Opinionated set of extensions for pi

Downloads

499

Readme


moonpi is set of extensions for pi that are actually useful for a coding agent. No fluff. No over-engineered architecture. Just practical guardrails, structured workflows, and pragmatism.


Opinions

moonpi is built around a few strong opinions.

If these resonate with you, you might find this set of extensions useful:

  • Subagents are a waste of tokens. Subagents are useless and just a conspiracy to make us use more tokens. Tin foil hat firmly on.

  • Plan mode is actually useful - but only if history is retained. Plan mode becomes pointless when the model outputs a "plan" and then loses all the context that produced it. Planning only works when the planning conversation remains part of the execution context.

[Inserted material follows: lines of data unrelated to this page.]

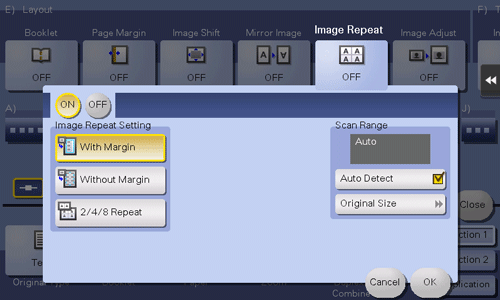[ON]/[OFF] | Select [ON] to specify Image Repeat. |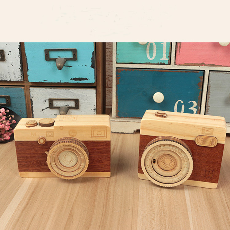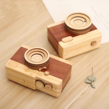 创意手工木质音乐盒八音盒发条式diy相机女生儿童生日礼物小摆设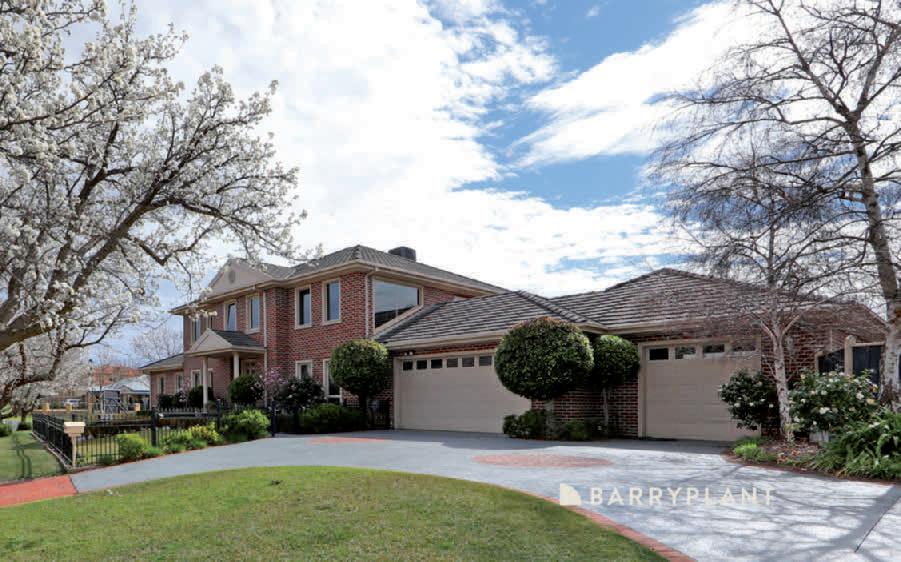 Encircled by exquisitely landscaped gardens, this distinguished residence delivers elegance and grandeur at every turn. Thoughtfully designed across two expansive levels, the home opens with a ground-floor master suite featuring a walk-in robe and a beautifully updated ensuite with dual vanity. The living domains are nothing short of impressive, highlighted by a soaring-ceiling lounge with a statement fireplace, a light-filled family area, and a versatile rumpus room.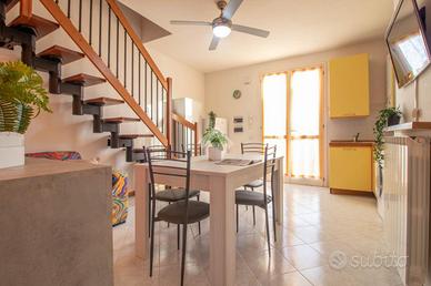 LIDO DI SAVIO: Proponiamo appartamento disponibile per la STAGIONE ESTIVA, a pochi passi dal mare e dai servizi della località. Soluzione al primo piano con giardino e posto auto, composta da soggiorno con angolo cottura e terrazzo, camera matrimoniale, camera singola e bagno con box doccia. Tramite scala interna raggiungiamo il secondo piano composto da una terza camera da letto con letto matrimoniale e terrazzo abitabile. Dispone di lavatrice, forno, aria condizionata e tv. Non è consentito fumare in casa. Condizioni spese: euro 200,00 cauzione (riconsegnati previo sopralluogo per inesistenza di danni), tassa di soggiorno (euro 1,50 a persona al giorno per i primi 5 giorni) . Contattaci per maggiori informazioni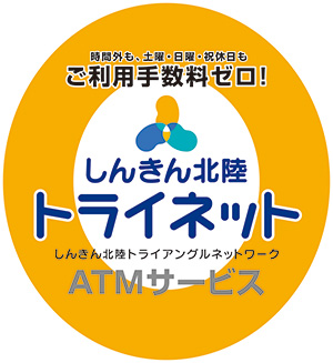 富山県・石川県・福井県に本店を置く信用金庫のキャッシュカードは、対象のステッカーのあるATMにて終日ご利用手数料無料で、いつでも、ご入金・お引出しいただけます。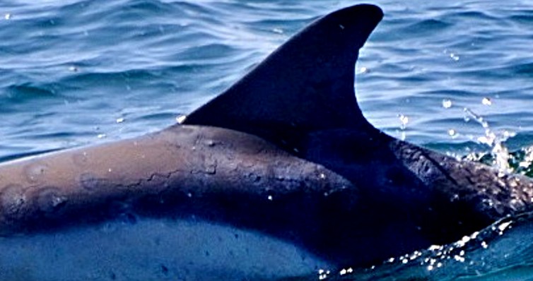 Das Foto des abtauchenden Delphins zeigt in der Vergrößerung eine alte in Abheilung begriffene Verletzung in Höhe der Schwanzwirbelsäule. Das scheint sie aber kaum zu behindern, schaut man sich die „Sprinteinlagen“ auf dem Video an.

  • Context is king. Why make the model guess which files matter for a task, wasting tokens and time wandering through the project, when you can inject the relevant files directly into the context? Context matters more than models or harnesses, control the context and you control the result.

  • Rejecting reads and writes outside the working directory is good steering. Yes, we all know the model can write and execute code, and yes, sandboxing is hard. But telling the model "hey, you cannot read that" when it reaches outside the project helps steer behavior. May our benevolent AI overlords accept this humble suggestion.

  • Read before write is mandatory. If a model tries to overwrite a file without reading it first, that is an error. It should not be allowed. Period.

  • Prompt cache affinity matters.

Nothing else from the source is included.